Criminal defense attorneys have been embracing the idea that post-conviction innocence projects has made criminal defense harder. A little over a year ago, a criminal defense blogger I long followed called it one of the “dirty little secrets,” of the defense world, while also acknowledging the project “far exceeds any problems it causes.”
More recently, Ron Kuby cited Professor Abbe Smith’s article—and her thesis that these projects have fetishized innocence at the harm of the guilty. Professor Smith’s article herself notes three primary complaints about the innocence movement: (1) it has an air of arrogance, (2) it is not the best currency for criminal justice reform, and (3) law school innocence projects teach our students the wrong thing.

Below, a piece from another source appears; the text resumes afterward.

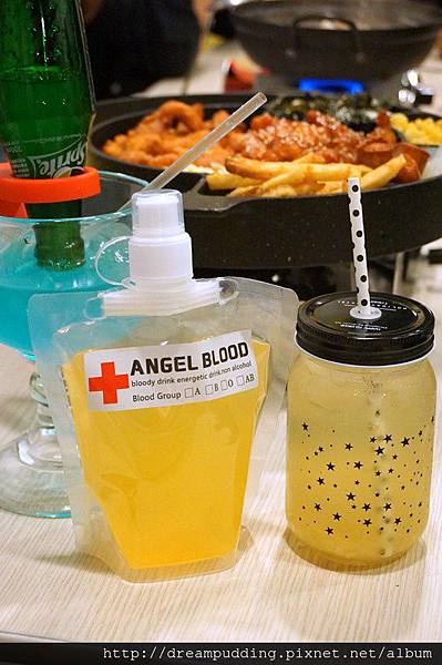 圖右是蜂蜜檸檬茶,NT 65元,星星瓶子跟圓點吸管很少女心;圖左是打點滴水蜜甜,NT 65元,口感上比較甜一些。

I don’t find Professor Smiths’ first argument all that compelling – she uses a silly 2008 email flyer from something called the Midwestern Innocence Project as a strawman to reach a general conclusion that there “is an arrogance to the ‘innocentrism’ of the innocence movement.” (I’ve never heard of the Midwestern Innocence Project and google can’t seem to find it either.) While her third point—what we teach our students—does interest me, it is collateral to the question raised in the header, so I will leave it for another day
The question of whether my work as an innocence lawyer is a good vehicle for criminal justice reform—or, perhaps more narrowly, whether it facilitates a more robust application of due process and beyond a reasonable doubt—interests me greatly. Smith argues that “the defendant with the factual innocence story throws every other defendant under the bus”:
Factual, DNA-proven innocence poses a threat to the fundamental legal principles underlying our system of justice, in particular to the presumption of innocence. The more we focus on those who can actually be proved innocent, the more we undercut the right of everyone to be presumed innocent unless the state proves otherwise. Our system of justice emphasizes proof, not truth, because of the value we place on individual liberty and our abiding skepticism of state power. To check that power we give the benefit of every reasonable doubt to the accused even if he or she did it. Thus, if proof is lacking, a factually guilty person may nonetheless be legally not guilty. A single-minded focus on factual innocence threatens this important safeguard, this check on the hubris of power.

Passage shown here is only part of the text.